- Inhibition of glyoxalase I by the enediol mimic S-(N-hydroxy-N-methylcarbamoyl)glutathione. The possible basis of a tumor-selective anticancer strategy.
Inhibition of glyoxalase I by the enediol mimic S-(N-hydroxy-N-methylcarbamoyl)glutathione. The possible basis of a tumor-selective anticancer strategy.

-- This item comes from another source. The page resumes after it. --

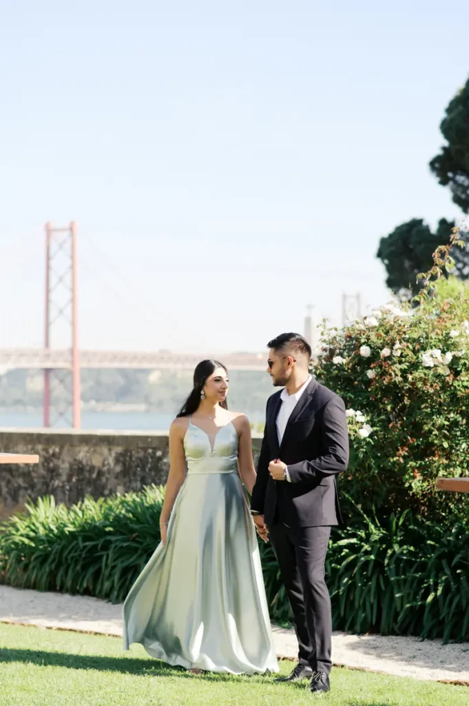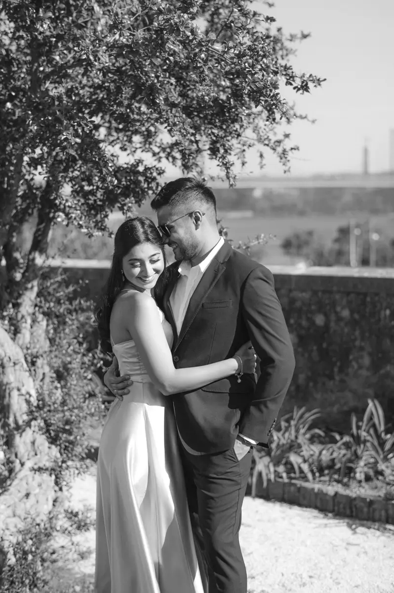 A Karishma e o Shivam idealizaram uma sessão de noivado (ou pre-wedding) que celebrasse o melhor de dois mundos: as suas raízes culturais e a sua essência moderna e descontraída. O resultado foi uma tarde inesquecível, dividida em três ambientes distintos, onde o romantismo andou sempre de mãos dadas com muitas gargalhadas.

In principle, competitive inhibitors of glyoxalase I that also serve as substrates for the thioester hydrolase glyoxalase II might function as tumor-selective anti-cancer agents, given the role of these enzymes in removing cytotoxic methylglyoxal from cells and the observation that glyoxalase II activity is abnormally low in some types of cancer cells. In support of the feasibility of this anticancer strategy, an inhibitor of this type has been synthesized by a thioester-interchange reaction between glutathione and N-hydroxy-N-methylcarbamate 4-chlorophenyl ester to give S-(N-hydroxy-N-methylcarbamoyl)glutathione (1). This compound was designed to be a tight-binding inhibitor of glyoxalase I, on the basis of its stereoelectronic similarity to the enediol(ate) intermediate that forms along the reaction pathway of this enzyme. Indeed, 1 is a competitive inhibitor of yeast glyoxalase I, with an inhibition constant (Ki = 68 microM) that is approximately 30-fold lower than that reported for S-D-lactoylglutathione and approximately 7-fold lower than the Km for glutathione-methylglyoxal thiohemiacetal. In addition, 1 is a substrate for bovine liver glyoxalase II, with a Km (0.48 mM) approximately equal to that of the normal substrate S-D-lactoyglutathione and a kcat approximately 2 x 10(-5)-fold that of the normal substrate. Membrane transport studies show that 1 can be delivered into human erythrocytes (used here as a model cell) either by direct diffusion of 1 across the cell membrane or by more rapid diffusion of the glycylethyl ester of 1 across the cell membrane, followed by the catalyzed hydrolysis of the ester to give 1.